In the figures, the direction of an arrow, as indicated by the arrowhead, generally demonstrates the flow of information (such as data or instructions) that is of interest to the illustration. For example, when element A and element B exchange a variety of information but information transmitted from element A to element B is relevant to the illustration, the arrow may point from element A to element B. This unidirectional arrow does not imply that no other information is transmitted from element B to element A. Further, for information sent from element A to element B, element B may send requests for, or receipt acknowledgements of, the information to element A.

In this application, including the definitions below, the term “module” or the term “controller” may be replaced with the term “circuit.” The term “module” may refer to, be part of, or include: an Application Specific Integrated Circuit (ASIC); a digital, analog, or mixed analog/digital discrete circuit; a digital, analog, or mixed analog/digital integrated circuit; a combinational logic circuit; a field programmable gate array (FPGA); a processor circuit (shared, dedicated, or group) that executes code; a memory circuit (shared, dedicated, or group) that stores code executed by the processor circuit; other suitable hardware components that provide the described functionality; or a combination of some or all of the above, such as in a system-on-chip.

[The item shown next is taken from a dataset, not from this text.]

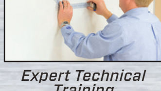
Expert Technical Training
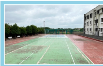
Outdoor Sports Complex

The module may include one or more interface circuits. In some examples, the interface circuits may include wired or wireless interfaces that are connected to a local area network (LAN), the Internet, a wide area network (WAN), or combinations thereof. The functionality of any given module of the present disclosure may be distributed among multiple modules that are connected via interface circuits. For example, multiple modules may allow load balancing. In a further example, a server (also known as remote, or cloud) module may accomplish some functionality on behalf of a client module.

The term code, as used above, may include software, firmware, and/or microcode, and may refer to programs, routines, functions, classes, data structures, and/or objects. The term shared processor circuit encompasses a single processor circuit that executes some or all code from multiple modules. The term group processor circuit encompasses a processor circuit that, in combination with additional processor circuits, executes some or all code from one or more modules. References to multiple processor circuits encompass multiple processor circuits on discrete dies, multiple processor circuits on a single die, multiple cores of a single processor circuit, multiple threads of a single processor circuit, or a combination of the above. The term shared memory circuit encompasses a single memory circuit that stores some or all code from multiple modules. The term group memory circuit encompasses a memory circuit that, in combination with additional memories, stores some or all code from one or more modules.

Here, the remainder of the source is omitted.